From 303640199d0436c5e7acdf50b837a027b5726594 Mon Sep 17 00:00:00 2001
From: Robert Haas <rhaas@postgresql.org>
Date: Thu, 19 Dec 2019 09:06:54 -0500
Subject: [PATCH] Fix minor problems with non-exclusive backup cleanup.

The previous coding imagined that it could call before_shmem_exit()
when a non-exclusive backup began and then remove the previously-added
handler by calling cancel_before_shmem_exit() when that backup
ended. However, this only works provided that nothing else in the
system has registered a before_shmem_exit() hook in the interim,
because cancel_before_shmem_exit() is documented to remove a callback
only if it is the latest callback registered.
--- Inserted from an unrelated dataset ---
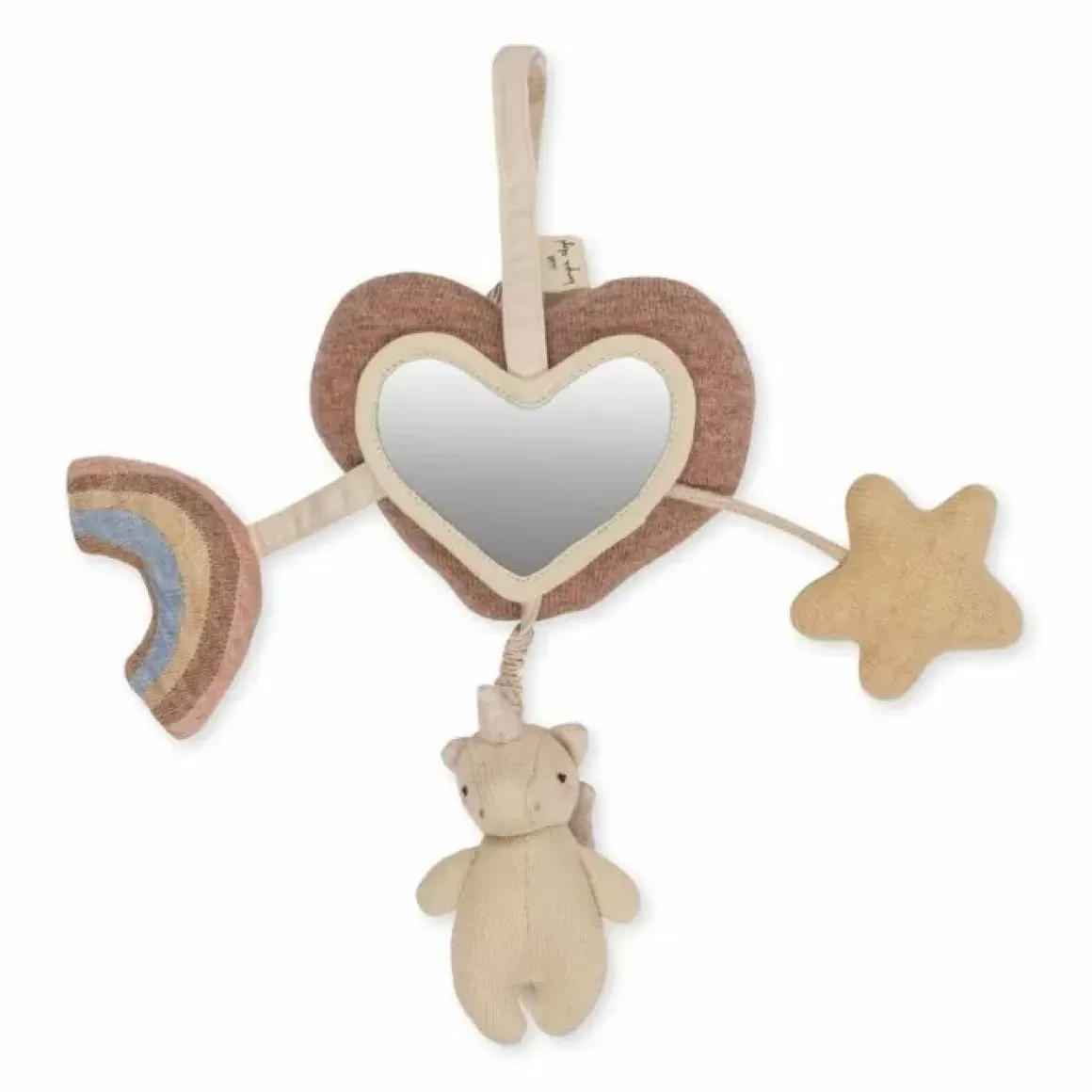 Op Het Hart Zit Een (Plastic) Spiegel En Aan Het Hart Zitten Verschillende Speeltjes Vast. Je Kunt Het Speeltje Ophangen Aan Bijvoorbeeld De Box, De Kinderwagen Of Maxi-Cosi. Het Speeltje Bevat Ook 3 Lieve Knuffelspeeltjes; Een Ster, Een Unicorn En Een Regenboog.

It also only works
if nothing can ERROR out between the time that sessionBackupState
is reset and the time that cancel_before_shmem_exit(), which doesn't
seem to be strictly true.

To fix, leave the handler installed for the lifetime of the session,
arrange to install it just once, and teach it to quietly do nothing if
there isn't a non-exclusive backup in process.
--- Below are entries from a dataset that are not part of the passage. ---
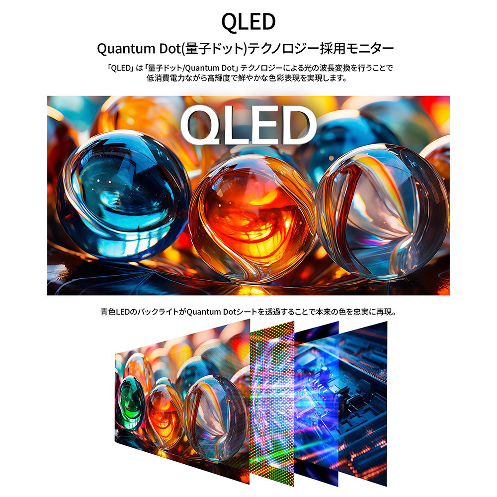 QLED(量子ドットテクノロジー)を採用。青色LEDを使用し量子ドットをコントロールすることで、本来の色を忠実に再現し、かつ低消費電力を実現します。
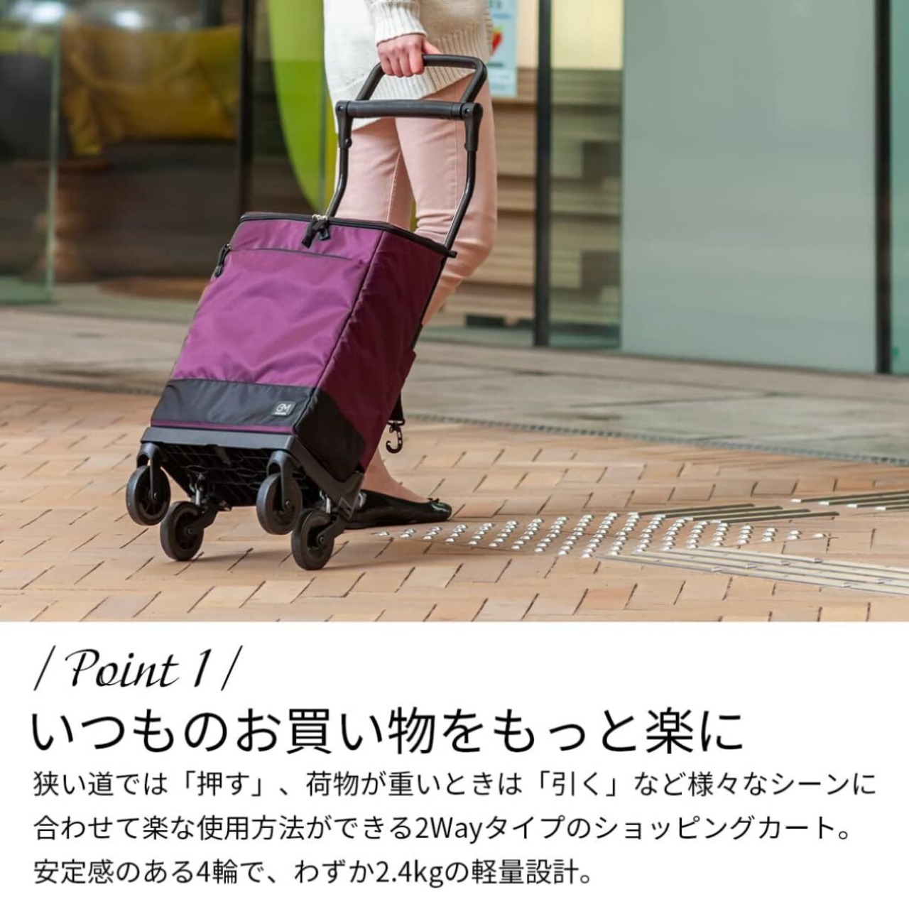 【いつものお買い物をもっと楽に】狭い道では「押す」、荷物が重いときは「引く」など路面の状況や、店内、公共交通機関など、様々なシーンに合わせて自分に合った楽な使用方法ができる2Wayタイプのショッピングカート。安定感のある4輪で、わずか2.4kgの軽量設計。「押す」「引く」使用時にハンドルを折り畳むことで2Wayが早変わり。自然に手を下ろした位置にハンドルが来るので、いつでも楽な姿勢でご使用いただけます。
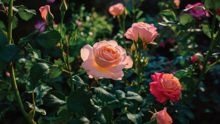 A stunning rose garden illuminated by the soft light of sunset, featuring vibrant orange and pink flowers amidst lush greenery, creating a tranquil evening atmosphere.
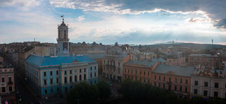 Lviv old city panorama view at sunrise.
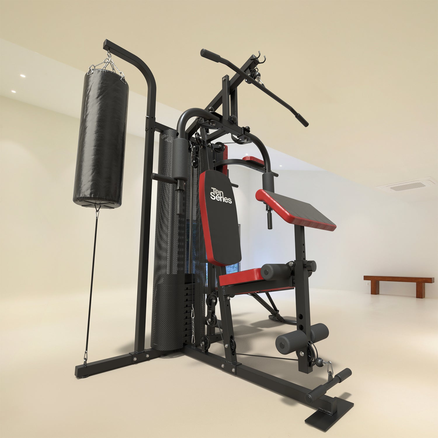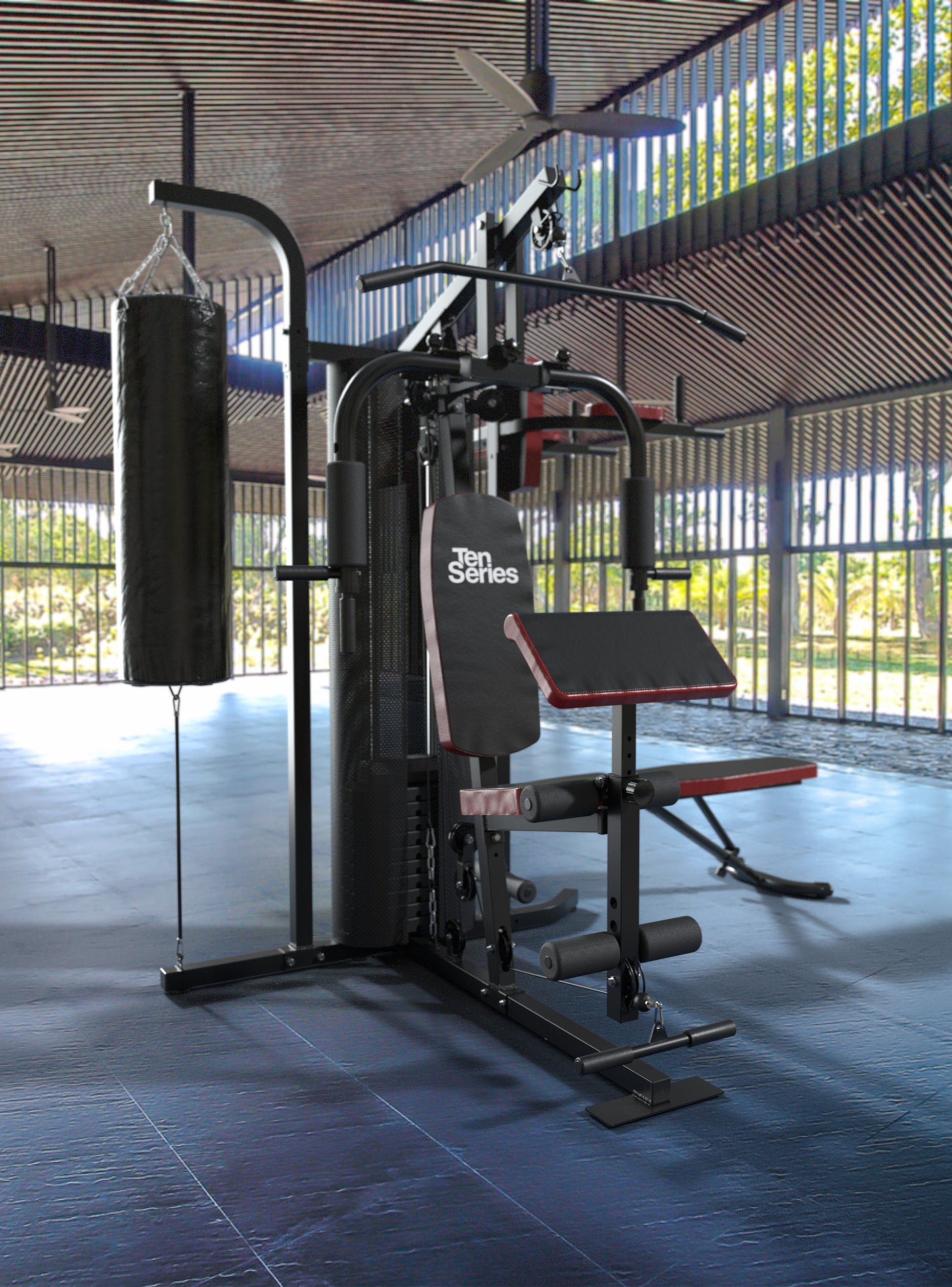 El Home Gym G3000 Plus Ten Series Boxing es una estación de entrenamiento multifuncional de alto rendimiento que combina máquina de musculación, equipo de resistencia y punching bag de boxeo en un solo diseño compacto y robusto. Ideal para el entrenamiento en casa o en gimnasios, permite que hasta tres personas se ejerciten al mismo tiempo, ofreciendo un plan completo para fortalecer músculos, mejorar la resistencia cardiovascular y practicar boxeo.

This is a bug, but for now I'm not going to back-patch, because the
consequences are minor. It's possible to cause a spurious warning
to be generated, but that doesn't really matter. It's also possible
to trigger an assertion failure, but production builds shouldn't
have assertions enabled.

Patch by me, reviewed by Kyotaro Horiguchi, Michael Paquier (who
preferred a different approach, but got outvoted), Fujii Masao,
and Tom Lane, and with comments by various others.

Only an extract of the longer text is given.